1444	   UAS-2  There must be a unique 4XX response informing the UAC it did
1445	          not provide applicable location information.

1447	   In addition, requirements UAC-5, 6, 7 and 8 also apply to the UAS.

1449	A.3 Requirements for SIP Proxies and Intermediaries

1451	   The following are the requirements for location conveyance by a SIP
1452	   proxies and intermediaries:

1454	   Proxy-1  Proxy servers must be capable of adding a Location header
1455	            field during processing of SIP requests.

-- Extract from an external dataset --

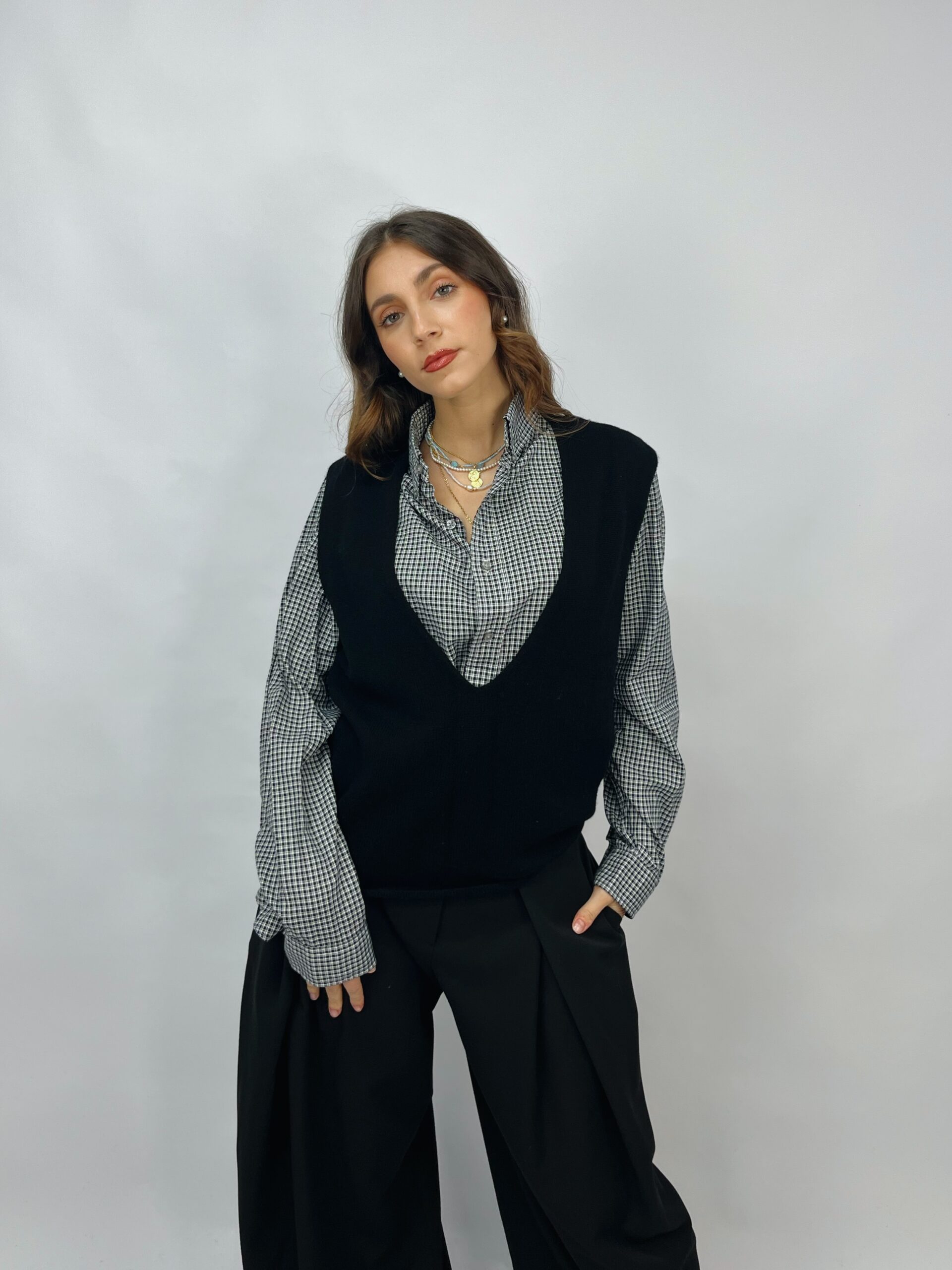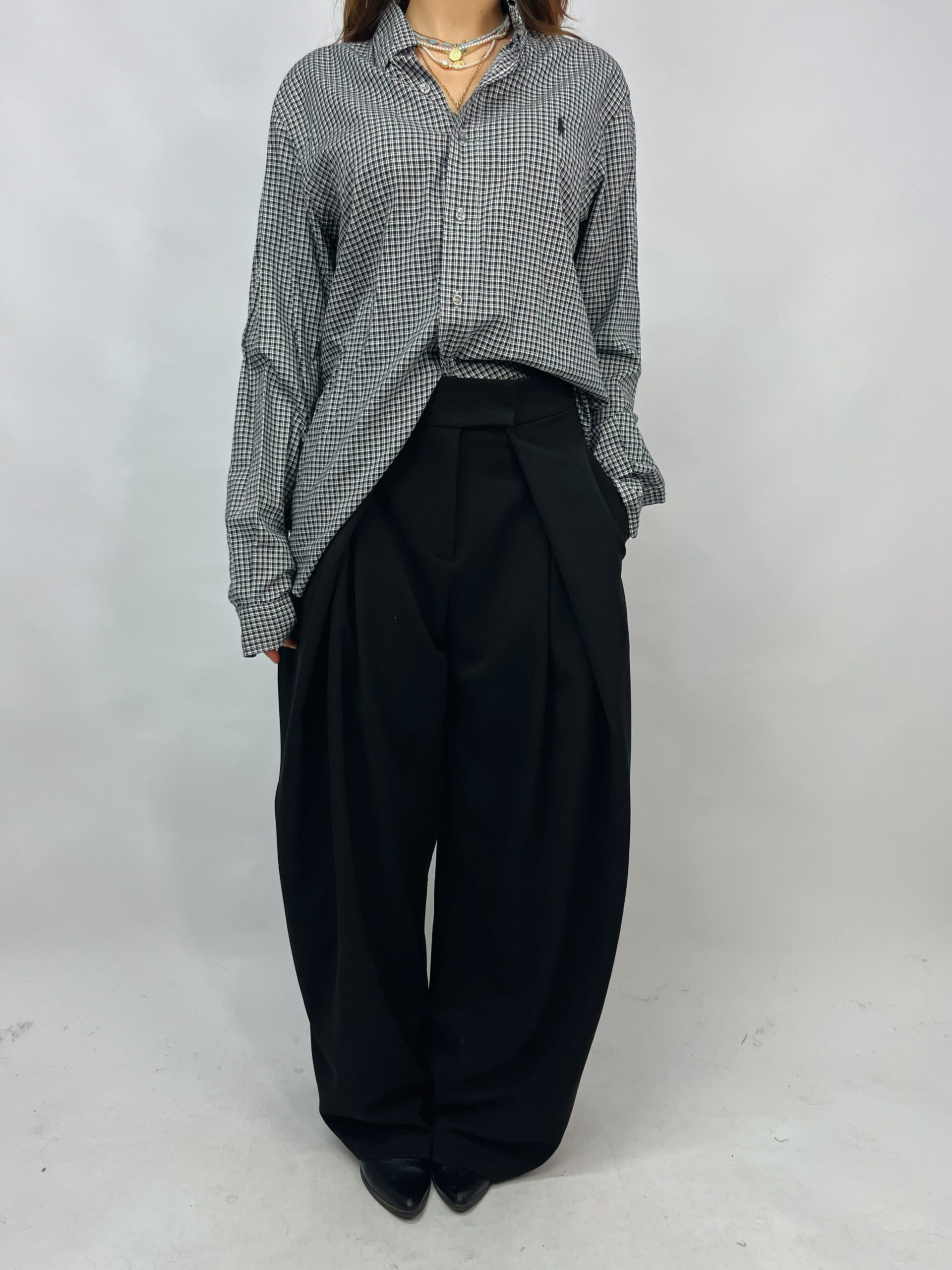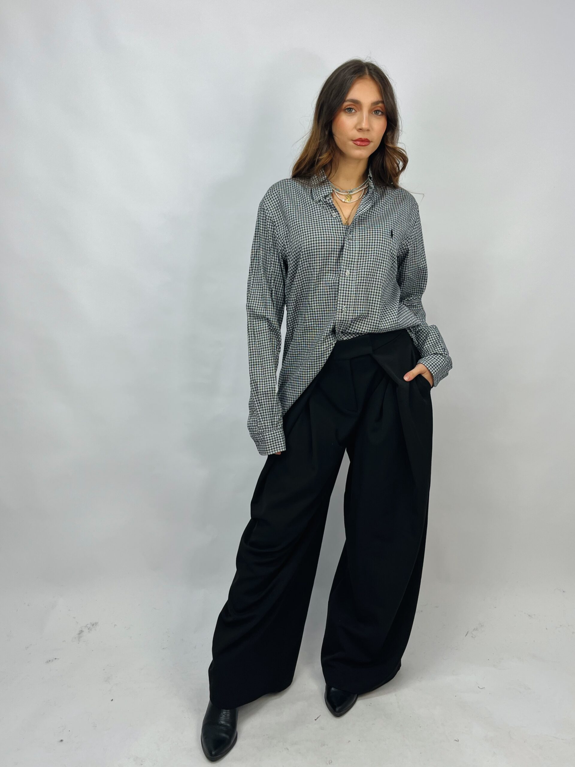 Vestibilità: vita regolare senza elastico, ma tessuto morbido ed invernale. Gamba a palazzo ampia con pieghe sul fianco.
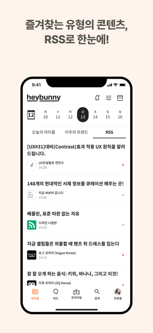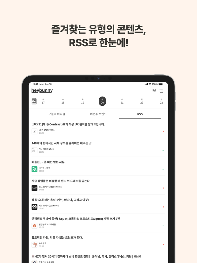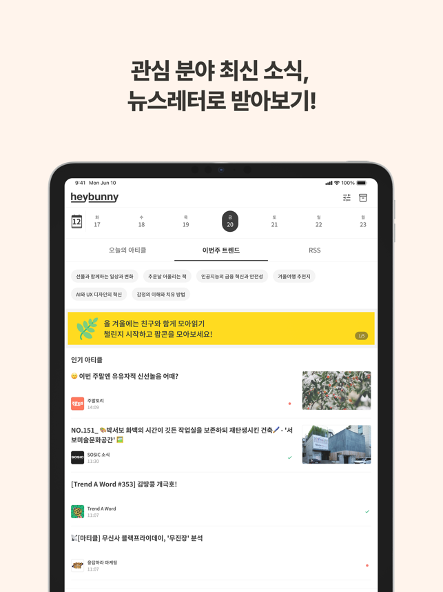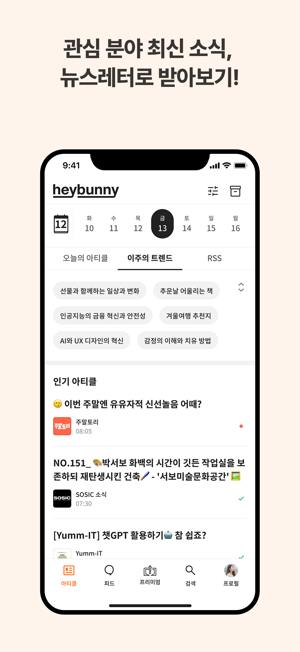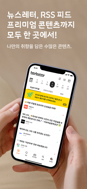 국내 해외 핫 이슈, IT, 경제, 테크, 인문학, 엔터, 제테크, 마케팅 모든 분야의 트렌디한 뉴스레터, 찾지 말고 추천 받아 보세요.헤이버니가 필요한 순간들• 매일 아침 메일 박스에 뉴스레터들 쌓아두기 vs. 헤이버니 계정으로 깔끔하게 받아보기 • 메일 박스 용량으로 예전 메일 골라서 삭제하기 vs. 용량 걱정 없이 헤이버니 앱에서 받아보기 • 필요한 뉴스레터 매일 1시간씩 찾고 구독하기 vs. 헤이버니로 원하는 카테고리의 뉴스레터 간편하게 구독하기• 저장하고 싶은 뉴스 ctrl C + V 무한 반복하기 vs. 헤이버니 앱에서 하이라이트로 내 보관함에 저장하기 • 영어공부를 위해 구독한 해외뉴스 번역만 30분 쏟기 vs. 헤이버니 앱 번역기능으로 3초만에 번역하고 영어공부 하기• 공유하고픈 정보 나만 혼자 알고 있기 vs. 헤이버니 피드에 내 생각 공유하고 친구들과 토론하기헤이버니 앱을 추천하는 이유• 무료로 내 취향의 뉴스레터를 마음껏 구독하고 아티클을 무제한으로 읽을 수 있어요.• 나와 비슷한 취향의 사람들이 가장 많이 구독하는 뉴스레터를 알려 드려요.• 나 혼자 읽는 뉴스레터가 아닌, 친구들과 함께 모아 읽기 챌린지로 매일 목표를 정해서 같이 읽어요.• 내가 좋아하는 크리에이터의 특별한 프리미엄 콘텐츠를 읽을수 있어요. 주요 기능• 멤버십으로 프리미어 아티클 무제한 열람하기• 멤버십으로 RSS 리더 콘텐츠 소식 한곳에서 받기• 멤버십으로 광고 빼고 읽는 즐거움에 몰입하기• 인공지능이 분석한 오늘의 트렌드 살펴보기• 구독 전용 이메일 주소로 뉴스레터만 모아 읽기• 새로운 아티클이 오면 알림 받기• 매일 뉴스레터를 읽으면서 받은 쿠폰으로 다양한 상품권, 기프트카드, 교환권에 응모하기• 번역 기능으로 외국어 아티클 한국어로 편하게 읽기• 아티클 스크랩, 문장 하이라이트로 잘 보관하고 쉽게 찾기• 피드에서 내 생각 공유하며 소통하기• 모아 읽기 챌린지로 친구들과 함께 뉴스레터 읽는 습관 만들기[온라인 채널]웹사이트 : https://heybunny.io

1457	   Motivation:  Provide network assertion of location
1458	            when UACs are unable to do so, or when network assertion is
1459	            more reliable than UAC assertion of location

1461	   Note: Because UACs connected to SIP signaling networks may have
1462	         widely varying access network arrangements, including VPN
1463	         tunnels and roaming mechanisms, it may be difficult for a
1464	         network to reliably know the location of the endpoint.  Proxy
1465	         assertion of location is NOT RECOMMENDED unless the SIP
1466	         signaling network has reliable knowledge of the actual
1467	         location of the Targets.

1469	   Proxy-2  There must be a unique 4XX response informing the UAC it
1470	            did not provide applicable location information.